Reactive oxygen species-mediated mitochondrial dysfunction is involved in apoptosis in human nasopharyngeal carcinoma CNE cells induced by Selaginella doederleinii extract.

Ethnopharmacological Relevance: A traditional Chinese medicine Selaginella doederleinii Hieron has been combined with radiotherapy for the treatment of human nasopharyngeal carcinoma in clinic in China. However, the detailed mechanism of anti-tumor effect of Selaginella doederleinii remains elusive.

Aim Of The Study: This study was designed to investigate the anti-tumor effect of ethanol extract of Selaginella doederleinii (SDE) on human nasopharyngeal carcinoma and its possible mechanisms.

Materials And Methods: Viability, apoptosis and protein expression of tumor cells were analyzed by MTT, Annexin V staining and Western blot, respectively.

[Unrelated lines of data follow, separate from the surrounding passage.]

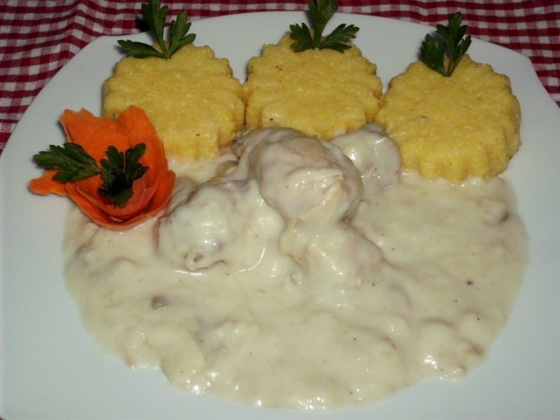 Spalam puiul si il portionam sau, daca avem carne de pui, o spalam bine. Punem carnea la fiert in apa rece. Cand incepe sa fiarba adunam spuma care se formeaza de cate ori este nevoie. Adaugam apoi legumele taiate mai mari si lasam sa fiarba. Cand s-a fiert carnea se scoate si se da deoparte. Legumele se pot folosi la salate sau alte preparate. Separat punem untul la topit, adaugam apoi faina si amestecam bine sa nu se arda. Subtiem cu lapte si amestecam cu un tel sa nu se formeze cocoloase,apoi adaugam si smantana. Punem in sos ciupercile si carnea de pui. Mai lasam sa dea cateva clocote. Potrivim gustul de sare si piper. Servim ciulamaua calda cu mamaliguta.
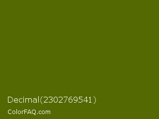 Decimal 2302769541 Color is a very dark lime color and the nearest color is Saratoga #555b10. Hex code #546901 and RGB value is rgb(84,105,1). In RGB color space, this color is composed of 33% red, 41% green, 0% blue, In CMYK color space, this color is composed of 20% cyan, 0% magenta, 99% yellow , 59% black , In HSL color space, this color has a hue angle of 72° , 98% saturation and 21% lightness.
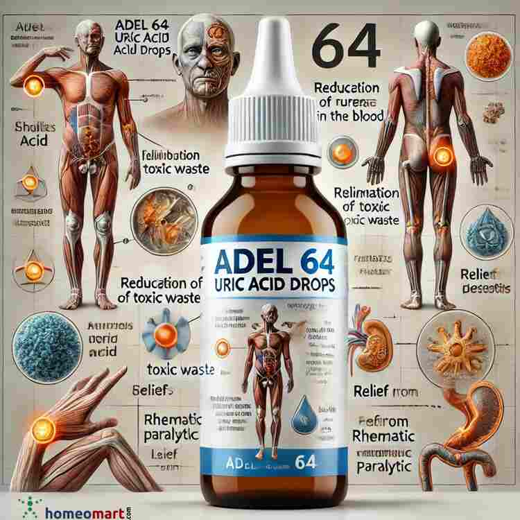 एडेल 64 मुंडीपुर यूरिक एसिड ड्रॉप्स: यूरिक एसिड नियंत्रण के लिए होम्योपैथिक गाउट राहत दवा
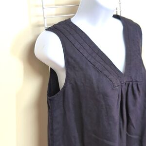 J. Jill Small Women's Black 100% Linen V Neck Sleeveless Knee Length Shift Dress
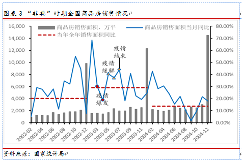 “非典”疫情并未对2003年的房地产市场的增长趋势,主要原因有4方面:一是,1998年房改后我国房地产市场处于快速发展期,2003年8月明确房地产产业为支柱产业;二是2002年我国加入WTO后经济处于高速发展阶段,2003年GDP增速高达10%;三是2003年货币政策从宽松到适度从紧;四是20世纪初,商品房的销售旺季为12月(12月销量约占全年38%),疫情爆发期的月销量约占全年5%,是商品房的销售淡季。

Formation of intracellular reactive oxygen species was determined using dichlorofluorescin fluorescence. The in vivo anti-tumor effect was evaluated by measuring tumor volume changes and TUNEL staining in nude mice.

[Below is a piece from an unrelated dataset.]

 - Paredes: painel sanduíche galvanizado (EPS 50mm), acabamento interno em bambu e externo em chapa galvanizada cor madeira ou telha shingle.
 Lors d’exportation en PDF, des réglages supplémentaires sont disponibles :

Results: SDE significantly inhibited the growth and induced apoptosis in human nasopharyngeal carcinoma CNE cells. In addition, SDE triggered the mitochondrial/caspase apoptotic pathway indicated by enhanced Bax-to-Bcl-2 ratio, loss of mitochondrial membrane potential, cytochrome c release, and caspase cascade. Moreover, SDE provoked the generation of reactive oxygen species in CNE cells, while the antioxidant N-acetyl cysteine almost completely blocked SDE-induced disruption of mitochondrial membrane potential, caspases activation and apoptosis. Furthermore, a transplantable nude mice model was utilized to estimate the effectiveness of SDE in vivo. The treated mice displayed decreased tumor size, which was associated with enhanced apoptotic cell death.

Conclusions: These results, offering solid evidence of the induction of mitochondria-related apoptosis in tumor cells, provide the molecular theoretical basis of clinical application of Selaginella doederleinii for the treatment of human nasopharyngeal carcinoma.